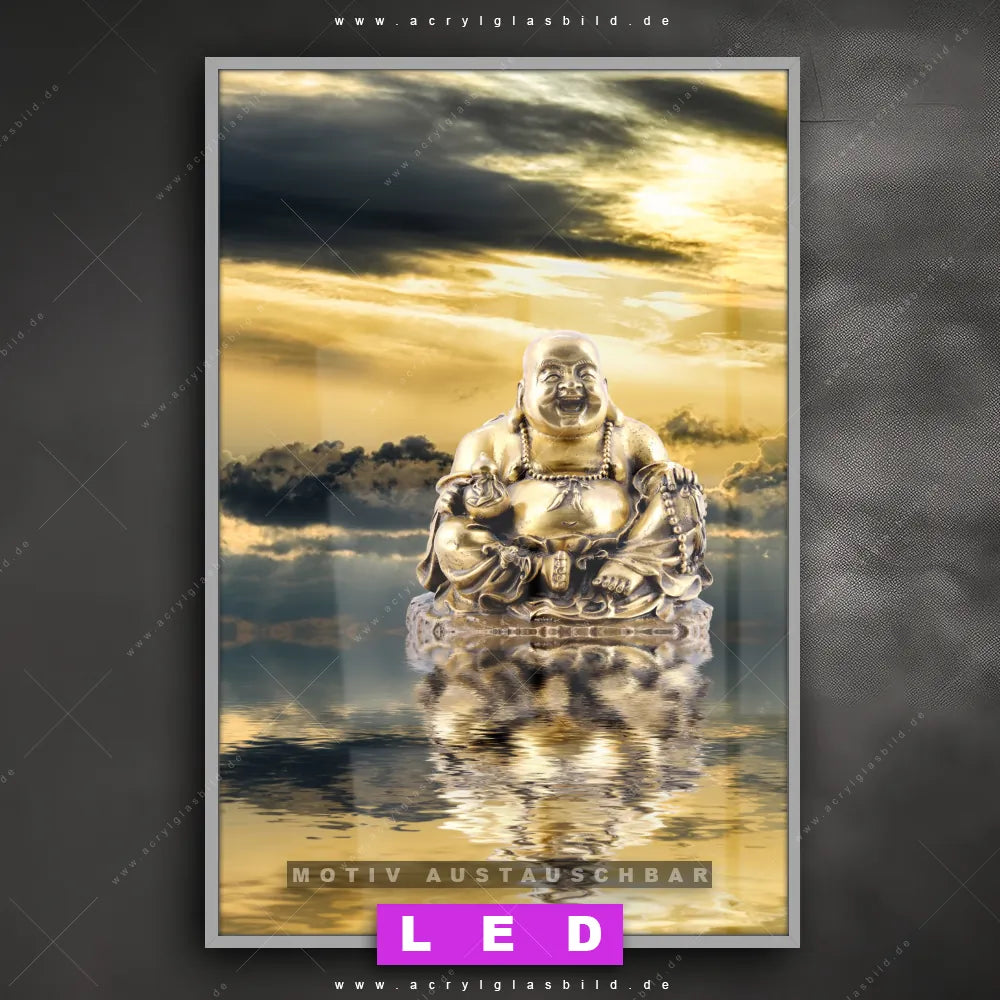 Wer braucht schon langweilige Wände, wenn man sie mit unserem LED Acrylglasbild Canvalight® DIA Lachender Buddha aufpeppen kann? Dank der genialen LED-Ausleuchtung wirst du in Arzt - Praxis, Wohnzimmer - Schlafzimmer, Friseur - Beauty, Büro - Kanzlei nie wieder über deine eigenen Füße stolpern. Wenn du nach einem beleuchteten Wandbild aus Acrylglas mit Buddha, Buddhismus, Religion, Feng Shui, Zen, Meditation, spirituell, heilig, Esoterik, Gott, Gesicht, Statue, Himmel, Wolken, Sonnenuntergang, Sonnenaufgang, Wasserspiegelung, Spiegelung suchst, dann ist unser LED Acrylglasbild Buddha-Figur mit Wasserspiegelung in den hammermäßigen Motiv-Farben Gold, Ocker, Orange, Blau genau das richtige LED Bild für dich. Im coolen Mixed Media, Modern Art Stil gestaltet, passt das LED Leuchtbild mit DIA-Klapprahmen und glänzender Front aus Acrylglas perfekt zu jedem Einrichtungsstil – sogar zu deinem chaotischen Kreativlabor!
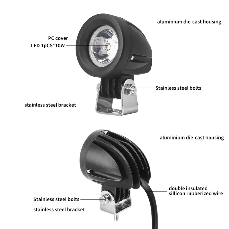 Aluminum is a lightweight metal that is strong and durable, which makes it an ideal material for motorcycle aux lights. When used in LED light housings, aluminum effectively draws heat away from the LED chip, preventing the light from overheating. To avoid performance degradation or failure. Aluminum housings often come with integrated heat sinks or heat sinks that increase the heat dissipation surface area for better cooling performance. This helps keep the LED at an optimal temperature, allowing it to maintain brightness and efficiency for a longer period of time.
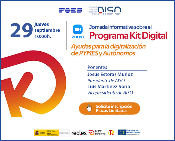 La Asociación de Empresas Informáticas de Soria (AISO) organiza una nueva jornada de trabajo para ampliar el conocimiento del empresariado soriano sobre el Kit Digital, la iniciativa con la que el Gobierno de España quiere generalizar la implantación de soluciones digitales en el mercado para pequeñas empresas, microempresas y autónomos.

· · ·

**Work order**
Copy out the listing above in full and leave out its pictures.

**Solution for this problem**
 Wer braucht schon langweilige Wände, wenn man sie mit unserem LED Acrylglasbild Canvalight® DIA Lachender Buddha aufpeppen kann? Dank der genialen LED-Ausleuchtung wirst du in Arzt - Praxis, Wohnzimmer - Schlafzimmer, Friseur - Beauty, Büro - Kanzlei nie wieder über deine eigenen Füße stolpern. Wenn du nach einem beleuchteten Wandbild aus Acrylglas mit Buddha, Buddhismus, Religion, Feng Shui, Zen, Meditation, spirituell, heilig, Esoterik, Gott, Gesicht, Statue, Himmel, Wolken, Sonnenuntergang, Sonnenaufgang, Wasserspiegelung, Spiegelung suchst, dann ist unser LED Acrylglasbild Buddha-Figur mit Wasserspiegelung in den hammermäßigen Motiv-Farben Gold, Ocker, Orange, Blau genau das richtige LED Bild für dich. Im coolen Mixed Media, Modern Art Stil gestaltet, passt das LED Leuchtbild mit DIA-Klapprahmen und glänzender Front aus Acrylglas perfekt zu jedem Einrichtungsstil – sogar zu deinem chaotischen Kreativlabor!
 Aluminum is a lightweight metal that is strong and durable, which makes it an ideal material for motorcycle aux lights. When used in LED light housings, aluminum effectively draws heat away from the LED chip, preventing the light from overheating. To avoid performance degradation or failure. Aluminum housings often come with integrated heat sinks or heat sinks that increase the heat dissipation surface area for better cooling performance. This helps keep the LED at an optimal temperature, allowing it to maintain brightness and efficiency for a longer period of time.
 La Asociación de Empresas Informáticas de Soria (AISO) organiza una nueva jornada de trabajo para ampliar el conocimiento del empresariado soriano sobre el Kit Digital, la iniciativa con la que el Gobierno de España quiere generalizar la implantación de soluciones digitales en el mercado para pequeñas empresas, microempresas y autónomos.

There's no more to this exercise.